Cami’nin kapılarından bahsedelim. İlk olarak Kıble ( Taç ) Kapısından bahsedelim. Kapının özellikleri anlatmakla bitmez diyerek söze başlayalım. Kapının her noktasında farklı bir işçilik ve farklı bir özellik yapmaktadır. Bir tarafında insan vücudu simgelenmiş, yani organlar gösterilmiş. Başka bir tarafında Ayetel Kürsi yazılmış. Kapıdan girişte yukarıya doğru bakıldığında iki göz olduğu görülüyor. Kapıda vazo motifleri ayrı bir güzellikle sergileniyor. Kapının önceki dönemlerdeki özelliklerinden birisi sesi içeriye geçirmemesiymiş ve çok çok güzel düşünülerek hareket edildiğinin bir başka göstergesidir. Camiye bu kapıdan girilip çarşı kapısından çıkılıyormuş; çünkü insan yüzü kıbleye dönük olarak camiye girmelidir ve insanların kıbleyi arkalarına alarak çıkmalarını engellemek için. Bu kadar saygı ve sevgi verilerek yapılmış bir şaheserdir. Kıble kapısında sabah saatlerinde gölgelerden bayan silueti çıkıyormuş.

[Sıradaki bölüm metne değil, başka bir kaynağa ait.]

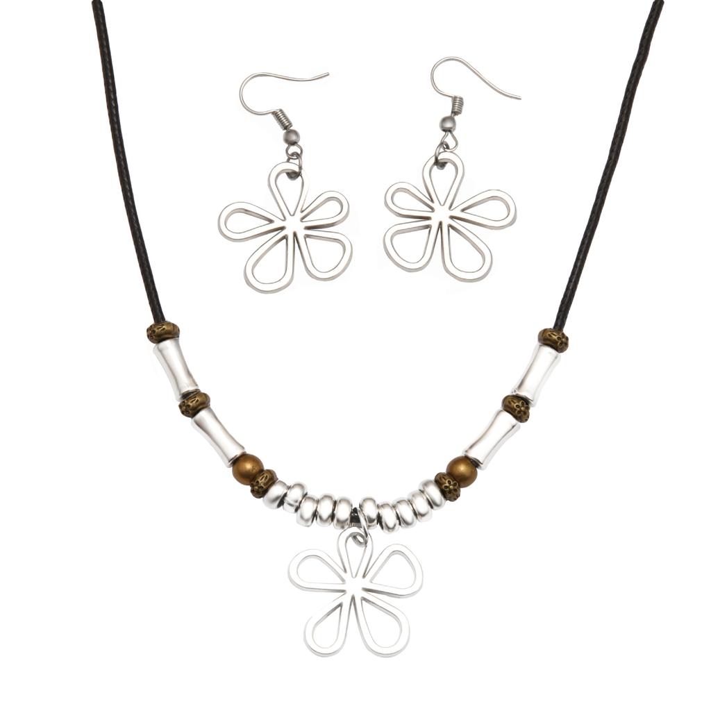 JMXD Clover Beaded Wax Cord Necklace & Earring Set Four-Leaf Clover Summer Beach Pendant Layered Fashion Jewelry Matching Combo

Cami’nin Çarşı Kapısı, batı tarafında bulunuyor. Bu kapıya baktığınızda seccadeye benzediğini göreceksiniz. Yine bu kapıda da müthiş işlemeler bulunmaktadır ve kartal başları ilgi çekmektedir. Bu kapıda ikindi vakti Kur’an okuyan erkek silueti belirmektedir.
Cami’nin Şah Kapısı, doğu tarafında bulunmaktadır. Bu kapıda da motifler vardır. Örneğin; geometrik şekiller, yıldız, bitki.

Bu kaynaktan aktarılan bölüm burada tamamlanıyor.